Leave the images out and repeat the data exactly as given.

* _Raw data_:

──────────────────────────────

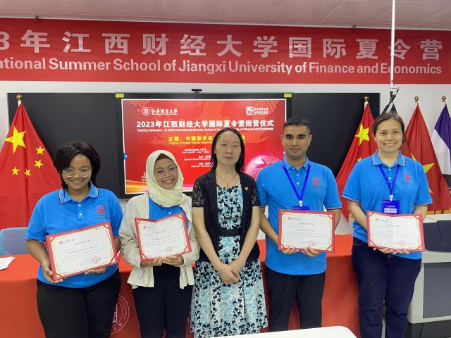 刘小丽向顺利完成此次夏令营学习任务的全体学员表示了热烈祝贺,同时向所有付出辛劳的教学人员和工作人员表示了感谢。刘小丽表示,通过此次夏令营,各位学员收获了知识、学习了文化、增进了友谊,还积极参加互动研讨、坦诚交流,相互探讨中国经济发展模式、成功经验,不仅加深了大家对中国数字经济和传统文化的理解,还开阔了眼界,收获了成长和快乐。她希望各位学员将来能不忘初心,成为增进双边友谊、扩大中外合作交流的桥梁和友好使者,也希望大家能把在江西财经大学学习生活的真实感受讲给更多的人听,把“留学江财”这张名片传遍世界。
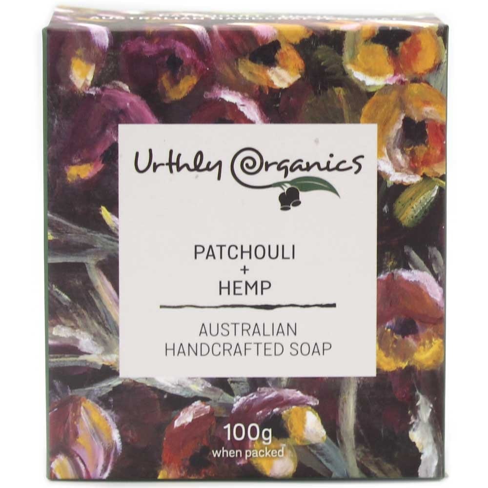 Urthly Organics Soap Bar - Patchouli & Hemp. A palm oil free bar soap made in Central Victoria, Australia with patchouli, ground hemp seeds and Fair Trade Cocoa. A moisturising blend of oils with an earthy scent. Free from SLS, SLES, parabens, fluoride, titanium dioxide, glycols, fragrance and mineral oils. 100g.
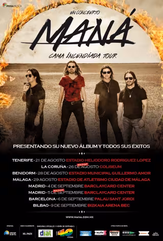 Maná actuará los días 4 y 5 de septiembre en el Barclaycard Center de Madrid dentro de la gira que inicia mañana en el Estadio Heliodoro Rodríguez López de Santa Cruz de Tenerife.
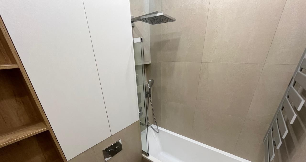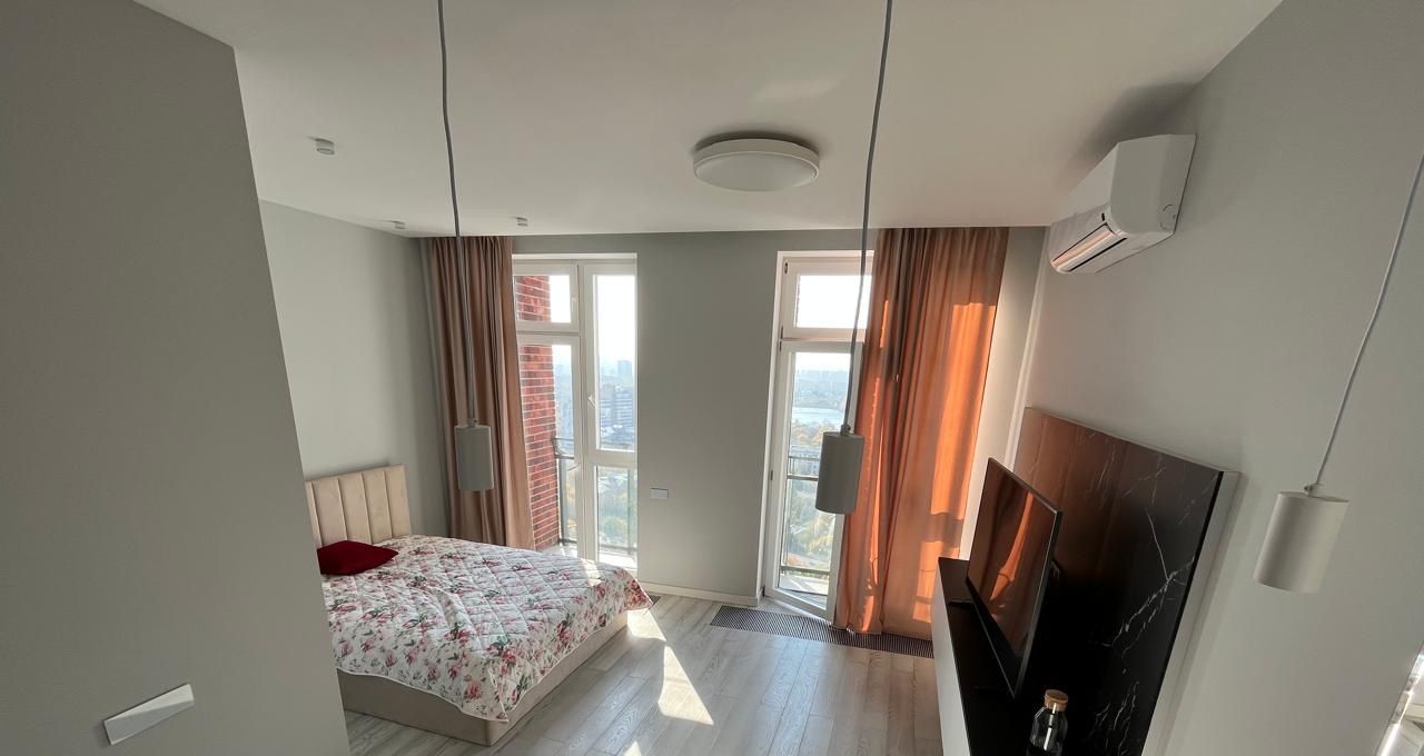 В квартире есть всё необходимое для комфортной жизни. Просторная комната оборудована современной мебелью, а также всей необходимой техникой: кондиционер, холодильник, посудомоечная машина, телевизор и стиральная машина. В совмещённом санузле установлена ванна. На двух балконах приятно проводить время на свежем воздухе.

──────────────────────────────

* _Response area_:
 刘小丽向顺利完成此次夏令营学习任务的全体学员表示了热烈祝贺,同时向所有付出辛劳的教学人员和工作人员表示了感谢。刘小丽表示,通过此次夏令营,各位学员收获了知识、学习了文化、增进了友谊,还积极参加互动研讨、坦诚交流,相互探讨中国经济发展模式、成功经验,不仅加深了大家对中国数字经济和传统文化的理解,还开阔了眼界,收获了成长和快乐。她希望各位学员将来能不忘初心,成为增进双边友谊、扩大中外合作交流的桥梁和友好使者,也希望大家能把在江西财经大学学习生活的真实感受讲给更多的人听,把“留学江财”这张名片传遍世界。
 Urthly Organics Soap Bar - Patchouli & Hemp. A palm oil free bar soap made in Central Victoria, Australia with patchouli, ground hemp seeds and Fair Trade Cocoa. A moisturising blend of oils with an earthy scent. Free from SLS, SLES, parabens, fluoride, titanium dioxide, glycols, fragrance and mineral oils. 100g.
 Maná actuará los días 4 y 5 de septiembre en el Barclaycard Center de Madrid dentro de la gira que inicia mañana en el Estadio Heliodoro Rodríguez López de Santa Cruz de Tenerife.
 В квартире есть всё необходимое для комфортной жизни. Просторная комната оборудована современной мебелью, а также всей необходимой техникой: кондиционер, холодильник, посудомоечная машина, телевизор и стиральная машина. В совмещённом санузле установлена ванна. На двух балконах приятно проводить время на свежем воздухе.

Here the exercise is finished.